━━━━━ Material shown ━━━━━

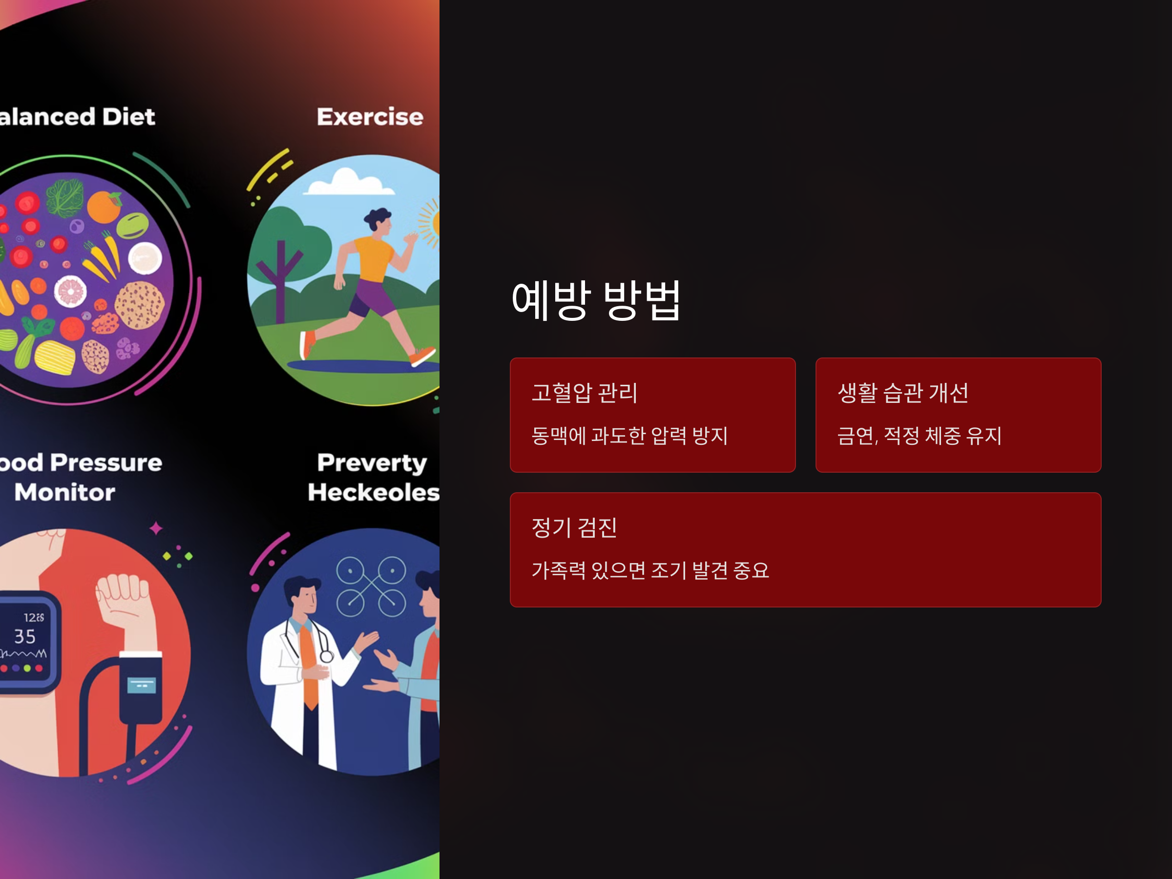 뇌동맥류 출혈을 예방하기 위해서는 뇌동맥류가 발생하지 않도록 관리하는 것이 중요합니다. 가장 중요한 것은 고혈압 관리입니다. 고혈압은 동맥에 과도한 압력을 가해 동맥류를 유발할 수 있습니다. 또한, 금연과 적정 체중 유지가 중요하며, 규칙적인 운동과 건강한 식단도 예방에 도움이 됩니다.
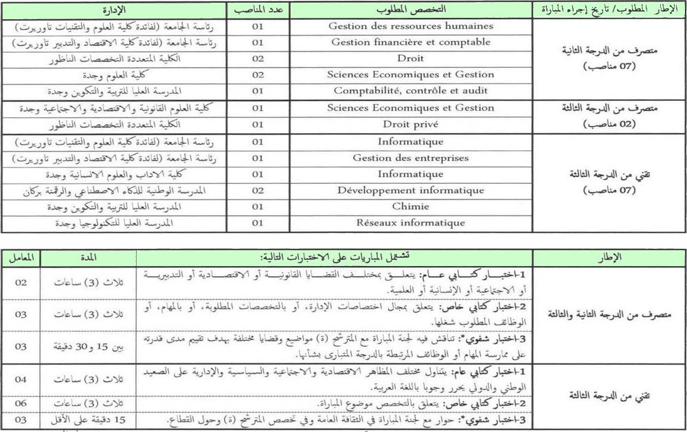 تنظم جامعة محمد الأول بوجدة يوم 12 أكتوبر 2025 مباريات لتوظيف 16 إداري وتقني، وذلك في التخصصات المشار إليها في الجدول أسفله:
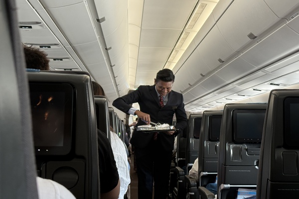 機内食はスナックを一通り配り終わってからの提供となりますので、離陸後1-2時間前後を目安としてお考えください。
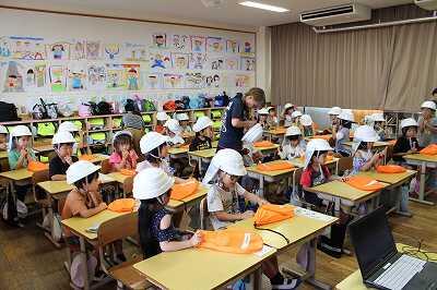 本日、竜巻を想定した非常時訓練を行いました。各学級で、竜巻の恐ろしさや竜巻が来た時に気を付けることなどを勉強しました。次に、実際に竜巻を想定して、「竜巻が来ます」という放送を聞いて、ヘルメットをかぶり、机の下などに隠れる練習をしました。1年生は初めての訓練でした。
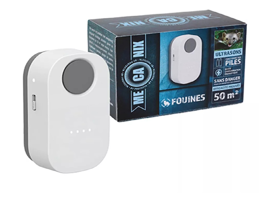 Dit apparaat zendt ultrasone geluidsgolven uit om marters te verstoren en te voorkomen dat ze in de te beschermen ruimte blijven.
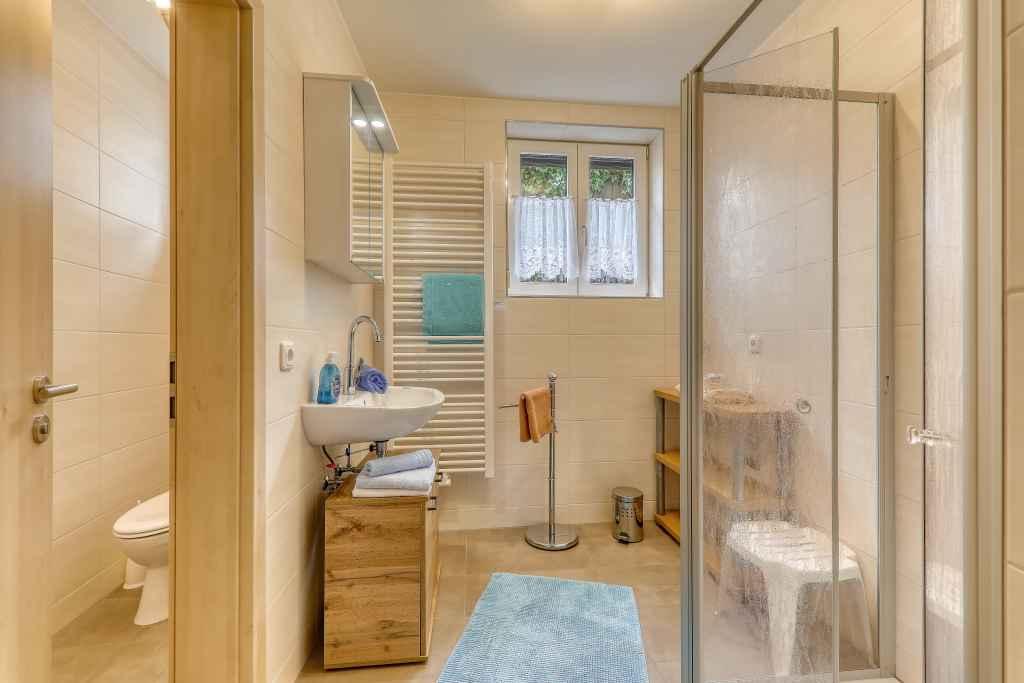 Das Bad in der Wohnung am großen Rachel ist seniorengerecht umgebaut.
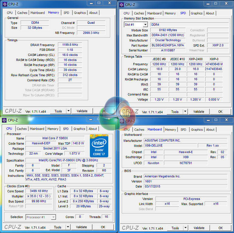 - Motherboard: Asus X99 Deluxe (BIOS 1601).
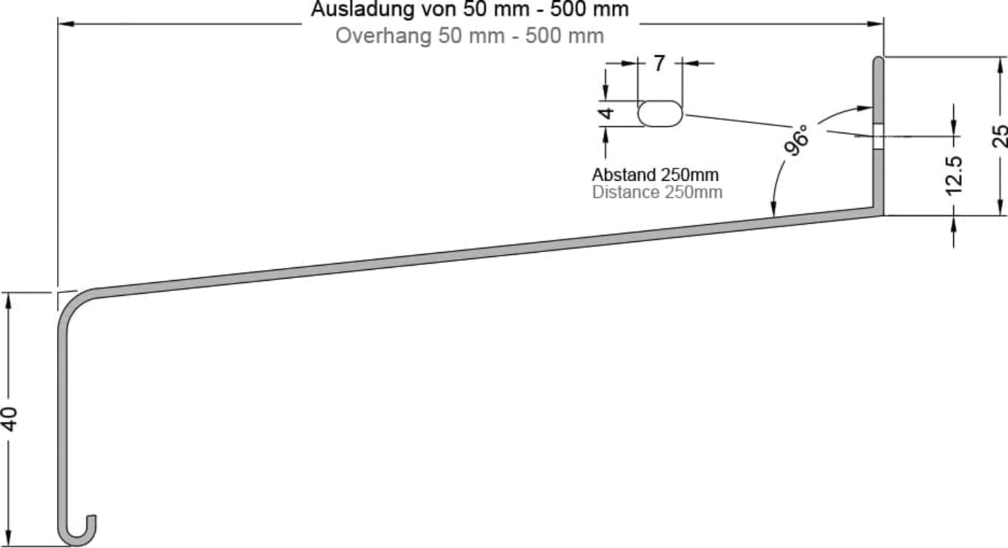 • Abgestufte Ausladungstiefen bis 500 mm ermöglichen den Einsatz auch bei WDVS-Systemen.
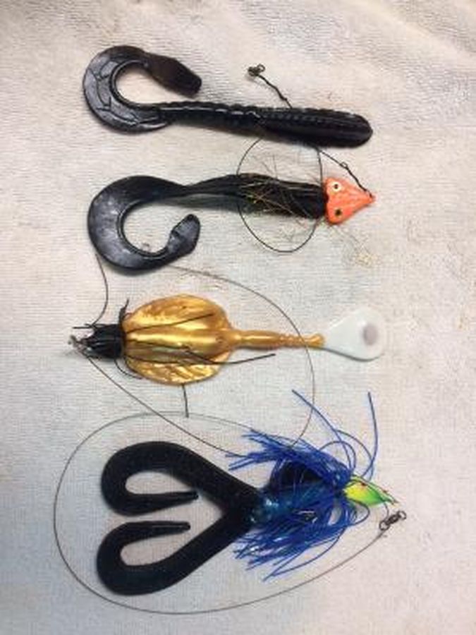 Posts: 2331 Location: SE, WI. | Pa Tigers n trout - 10/27/2020 3:55 PM jdsplasher - 10/27/2020 12:59 PM I just now considered this but i was planning on getting a tranx 300 high speed and a st croix medium heavy rod with a 3/4 to 3 rating. Would this work for creatures even with braid main line or should i just stick to the spinning setup i mentioned? Also, is there anywhere i can buy those baits already made?Pa Tigers n trout - 10/27/2020 11:24 AM I have read the article a few times which was what made me want to try it for the local tiger musky. I tried a bass stand up jig and got immediate interest from a nice sized tiger. However i don´t really have a good spinning rod for musky other than a medium heavy 7 foot penn fierce 2 with a lure wt of 3/4 to 2 oz, and i believe it is a fast action. Would it be sufficient? That action is fine for creature fishing. I usually suggest a Bass flipping stick, 3/4-2 oz. 7’6” up to 8’6”. Here R some of my Custom pours. The top 2 plastics R Fandango's. They R My best Tiger Producing Creature. The Frogs and Paddle Tails R my best fish Producers For My Area. JD I prefer a bait casting Rod. Way better leverage for hook sets ! Heavier bait-casting Rod are tough to throw light jigs And you want some bend to hold fish, especially if your using a braid. I use both braids, and a 17-20 mono. Mono for cold weather as braids freeze in cold temps. JD
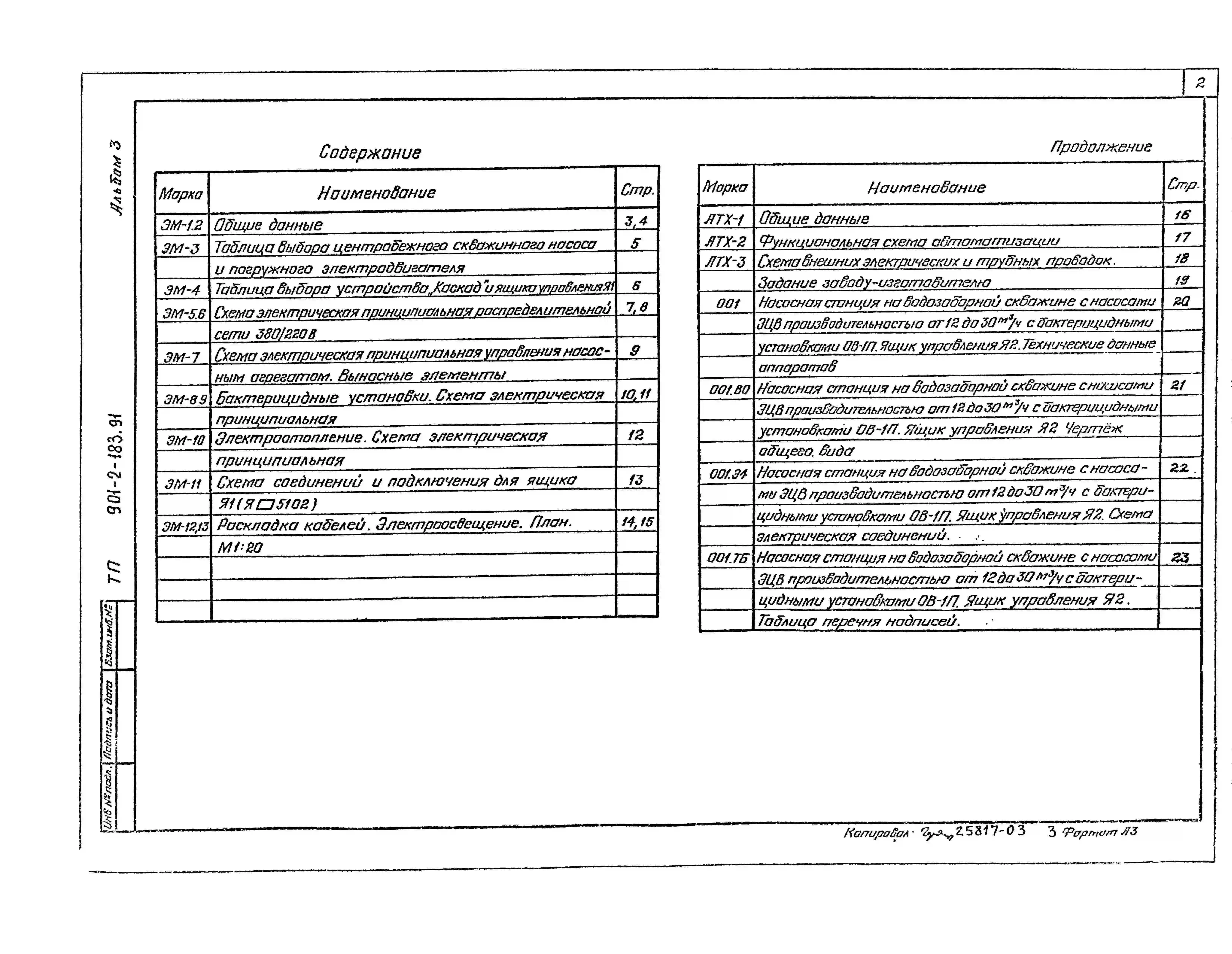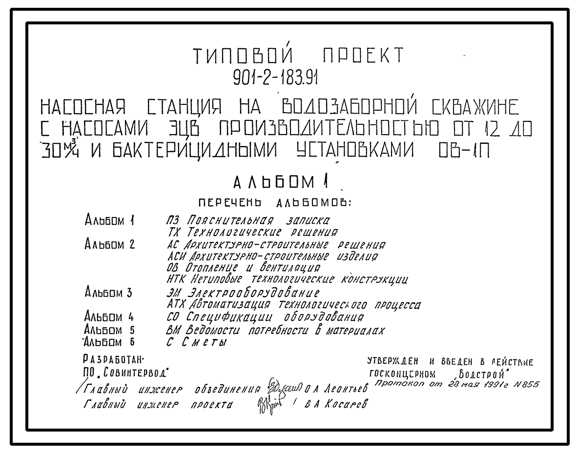 Типовой проект 901-2-183.91 Насосная станция на водозаборной скважине с насосами ЭЦВ производительностью от 12 до 30 м3/ч и бактерицидными установками ОВ-1П
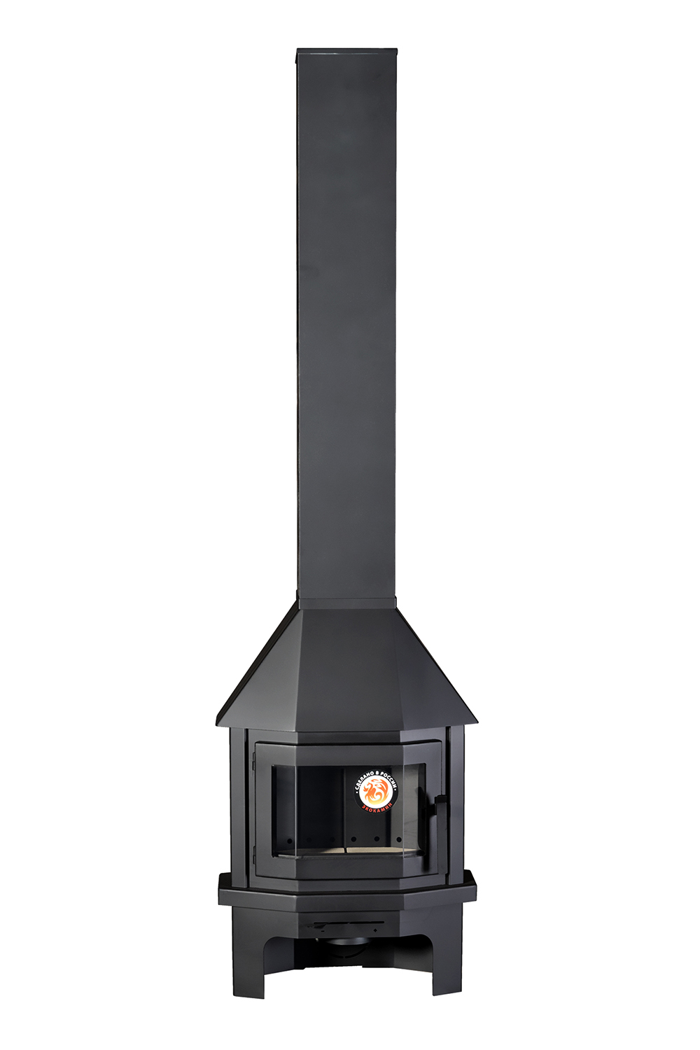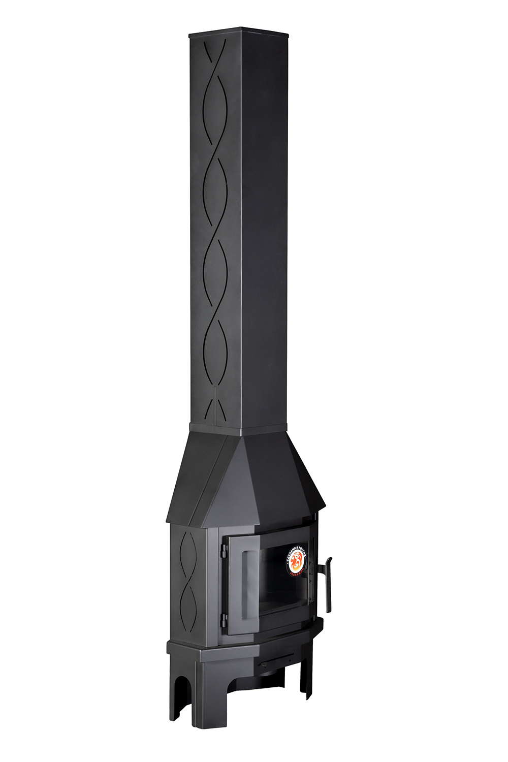 Система подключения дымохода сверху обеспечивает эффективное удаление дымовых газов, а конструкция камеры двойного сгорания обеспечивает высокий КПД в 80%. Габариты камина (ВхШхГ) составляют 2147х600х334 мм, а вес - 64 кг.
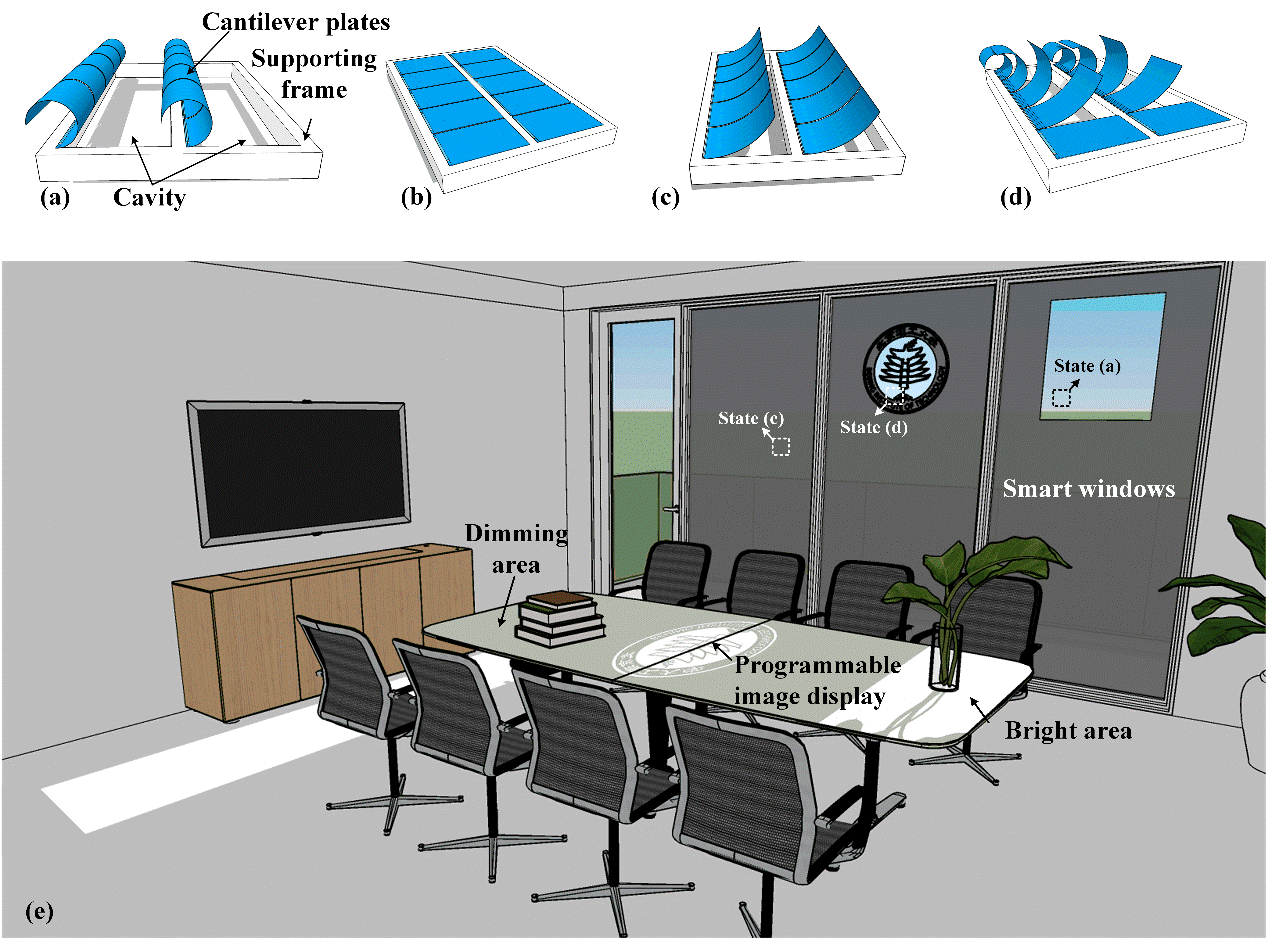 图1.(a)电热式Microshutter的开态;(b)关态;(c)半开态;(d)多态混合;(e)可连续控光Mircoshutter的应用场景:智能窗户。

━━━━━

• **Activity**
Write out the line that contains "Типовой проект 901-2-183.91" and every line after it to the end of the data, exactly as they stand. Omit the pictures.

• **Written reply**
 Типовой проект 901-2-183.91 Насосная станция на водозаборной скважине с насосами ЭЦВ производительностью от 12 до 30 м3/ч и бактерицидными установками ОВ-1П
 Система подключения дымохода сверху обеспечивает эффективное удаление дымовых газов, а конструкция камеры двойного сгорания обеспечивает высокий КПД в 80%. Габариты камина (ВхШхГ) составляют 2147х600х334 мм, а вес - 64 кг.
 图1.(a)电热式Microshutter的开态;(b)关态;(c)半开态;(d)多态混合;(e)可连续控光Mircoshutter的应用场景:智能窗户。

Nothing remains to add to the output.